If we like to wear sweaty dresses and fashionable high heels, while riding a bike to work is our necessity, we do not have to cross out one of these things. It is enough for our bike to be stocked with so-called dress guard – a rear wheel cover that prevents the dress from getting caught in the spokes, or a colored overlay on the chain that protects our wide trousers from getting dirty. Colorful, fancy additions such as a wicker basket with a colorful ribbon, a floral satchel on the trunk, or a gel lid on the trunk will make our unity express our style and give us vigor. 

The bike is ubiquitous and cheap means of transport 

You can get by bicycle everywhere, regardless of traffic jams, plagues called streets renovation, clogged buses or mercilessly riddled roads. In big cities one more thing is important – the bike takes 10 times less space than the car, what a saving of parking places! The daily house-work route, weekend rides with friends or holiday trips to the end of the world can only be done by bike. A shopping trip can also be a pleasure, especially when we have a large basket or a luggage pannier, just like in the model mentioned above. What price we pay – incomparably smaller than the owners of cars reaching deeper and deeper into the pockets of gas stations and city car parks. Goodbye excise, welcome freedom! 

The bike is eco 

We segregate rubbish, select paper bags in supermarkets, do sports, quit smoking and ride a bike. Why is the bike eco? More bicycles instead of cars on the roads are less traffic jams, less noise, cleaner air. Cycling at short distances, to work or school is the best way to reduce CO2 emissions. Ten kilometers traveled by car is equivalent to the emission of 2 kg of carbon dioxide into the atmosphere. These are very tangible numbers and each of us can have a real impact on their reduction.

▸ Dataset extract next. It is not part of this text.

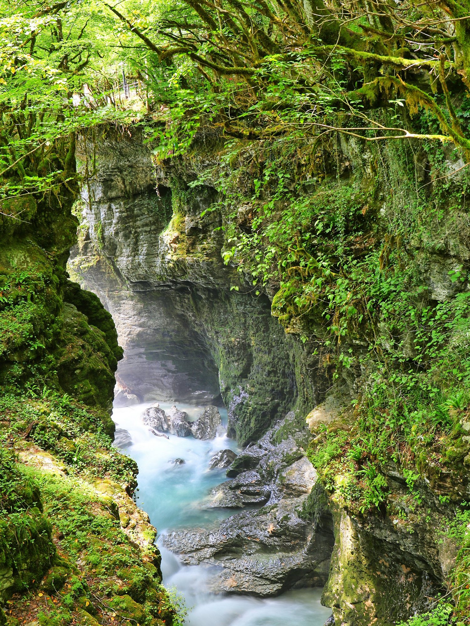 Located 50 km west of Kutaisi, Martvili Canyon was formed by the Abasha River. It stretches for 2.4 km, with depths ranging from 50 to 70 meters. In the upper part of the canyon, visitors can take a boat ride, while the lower section features numerous waterfalls and a well-maintained walking trail with scenic viewpoints. Thanks to its lush evergreen vegetation, the canyon looks like summer all year round. The crystal-clear water exhibits vibrant emerald and blue hues. Bring warm clothes, as the canyon tends to be chilly.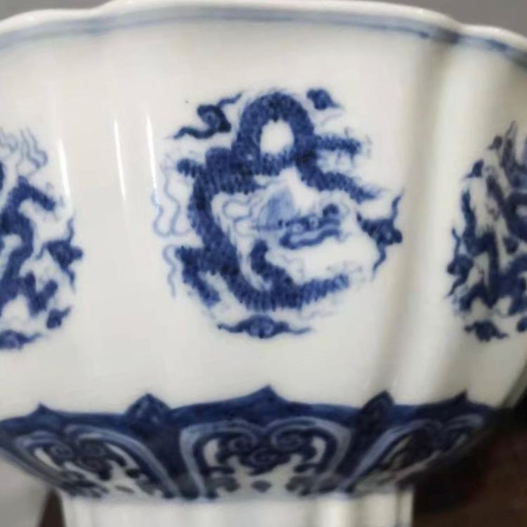明:宣德“青花十棱团龙葵口宫碗”

Bike instead of a psychologist 

In stressful situations, or while solving an insoluble problem, we turn to our friend, mother, eventually a psychologist, for help. Sad times we often overeat with chocolate, which illusively replaces us with a feeling of happiness, in effect leaving us only extra kilos. We often forget about the beneficial effects of physical exercise. Intensive cycling oxygenates our brain, improves blood pressure, produces radin, which affect the satisfaction and increase vital energy, stimulating action. It is worth remembering that endorphins also increase the endurance of our body for pain, which enables further effort. The best bonus, however, is the fact that this condition lasts a few hours after the end of the move, and if we decide on a cycling marathon, the feeling of euphoria can last up to a week! 


You can read also: Is stationary bike a proper way to do the training?